INFORMATION SHOWN:

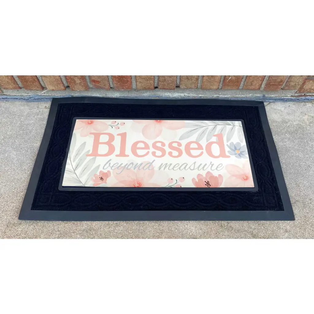 Blessed. Attractive and inspiring, this doormat insert fits perfectly into our doormat base to create a look you will love. Made with mildew-resistant polyethylene terephthalate fibers, it helps to quickly clean and dry shoes. Rubber backing holds insert firmly in the base. Size of insert is approximately 22x10. Insert only - doormat base tray sold separately, SKU# 20018.
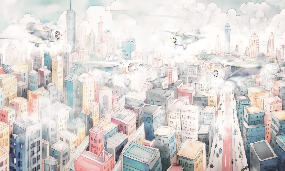 Dekorami Airshow 2 - mural dla dzieci w miejski krajobraz i samoloty
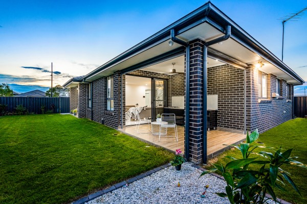 ~ Alfresco with Outdoor kitchen, Ceiling fan & Motorised Zip tracks Blinds.

ABOUT THIS EXERCISE: Please write out the material from the line containing "Dekorami Airshow 2" to its final line, both inclusive, exactly as it appears; pictures are not part of the copy.

RESULT OF THE TASK:
 Dekorami Airshow 2 - mural dla dzieci w miejski krajobraz i samoloty
 ~ Alfresco with Outdoor kitchen, Ceiling fan & Motorised Zip tracks Blinds.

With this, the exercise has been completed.